Le voyage, le passage, l'attente, le désir, la joie, parfois l'urgence. Des repères, des codes, des habitudes, des attitudes identiques, mécaniques, des situations solitaires ou collectives. Il y a aussi la peur – se perdre, rater son train ou une correspondance – ou l'excitation – retrouver quelqu'un·e que l'on n'a pas vu depuis longtemps, par exemple. Et la fatigue, la fatigue du voyage, de la routine, de la répétition.
Voyager, c'est aussi se confronter à des temps que l'on ne maîtrise pas forcément : on prend souvent « de l'avance » lorsqu'on va à la gare, ou alors on court, on redoute de ne pas arriver à l'heure.
Il y a donc des temps perdus et des temps morts. Des temps de rien, des temps à soi – pour lire, regarder, écouter, s'enfermer dans ses pensées ou rattraper le temps que l'on n'a pas pris ailleurs.
Pourquoi le projet de danser dans des gares ?
C'est précisément parce qu'elles sont des lieux de passage, de croisements et de rencontres formidables que je souhaite travailler dans les gares. Des centaines de personnes issues de milieux différents, avec des modes de vie différents et, probablement, des façons de penser toutes aussi différentes, y cohabitent chaque jour, quelques minutes, quelques heures ou beaucoup plus.

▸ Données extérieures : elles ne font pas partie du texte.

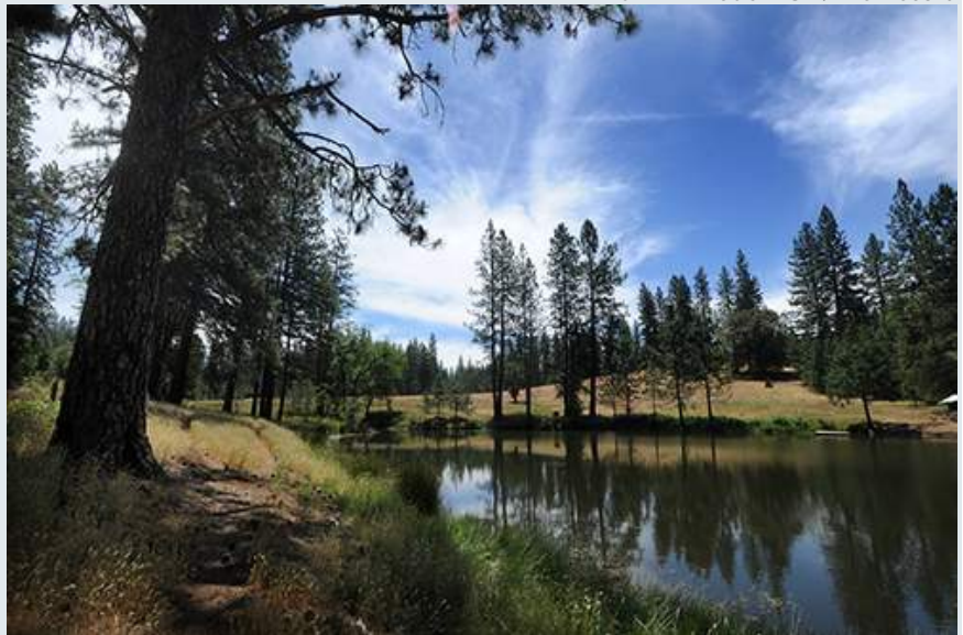
Undeveloped land and the pond at Campstool Ranch in Rail Road Flat on June 14.

Les espaces de la gare qui les rassemblent pourraient aussi les rapprocher.
Mais aussi pour le défi de créer une pièce qui devra s'adapter en permanence et trouver sa place dans des espaces mouvants, instables, en constante transformation. Il faudra sentir, écouter, faire corps avec la dynamique et l'architecture de chaque lieu.

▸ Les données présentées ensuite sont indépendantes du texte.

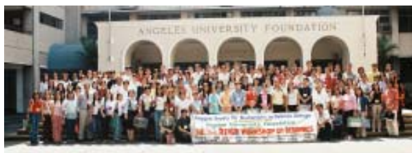
Participants of the 3rd Revup Workshop
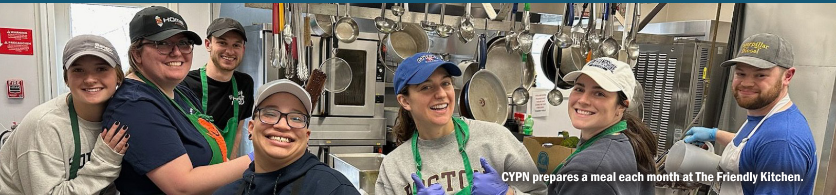
CYPN prepares a meal each month at The Friendly Kitchen.

Scan the QR code or visit my.concordnhchamber.com/event-calendar to sign up for these events.

Il faudra créer un espace poétique, brouiller les codes et les habitudes de ces lieux de rassemblement anonyme.
Écrire des histoires de gares pour les gares ?
J'ai demandé à l'autrice Violaine Schwartz, avec qui je travaille depuis 10 ans, de m'accompagner dans cette aventure. Nous avons ensemble déjà créé deux pièces mêlant danse et théâtre, L'hippocampe mais l'hipoccampe et Et donc ! une conférence dansée. Violaine a écrit plusieurs romans, mais aussi beaucoup de récits à partir de témoignages et d'interviews. Elle a ce goût, entre autres, d'écrire à partir des mots des autres mais aussi de raconter des histoires à partir de la vie des autres.
Pour s'adapter à la taille des différentes gares qui jalonnent ce parcours, ce projet comportera plusieurs versions, de durée et de format variables, pour deux interprètes et pour cinq interprètes.
Nous nous attarderons dans 19 gares entre Paris et Châteauroux pour regarder et écouter ce qui s'y passe et ceux et celles qui y passent. Nous observerons leurs habitudes, leurs déplacements qui ressemblent parfois à des processions, leurs gestes, parfois automatiques, répétitifs, presque inconscients, comme des rituels. Nous collecterons leurs témoignages, leurs histoires de gare, leurs anecdotes de voyage et à partir de ces expériences et de ces rencontres, nous écrirons, en mots et en mouvements, des « Nouvelles de gare ».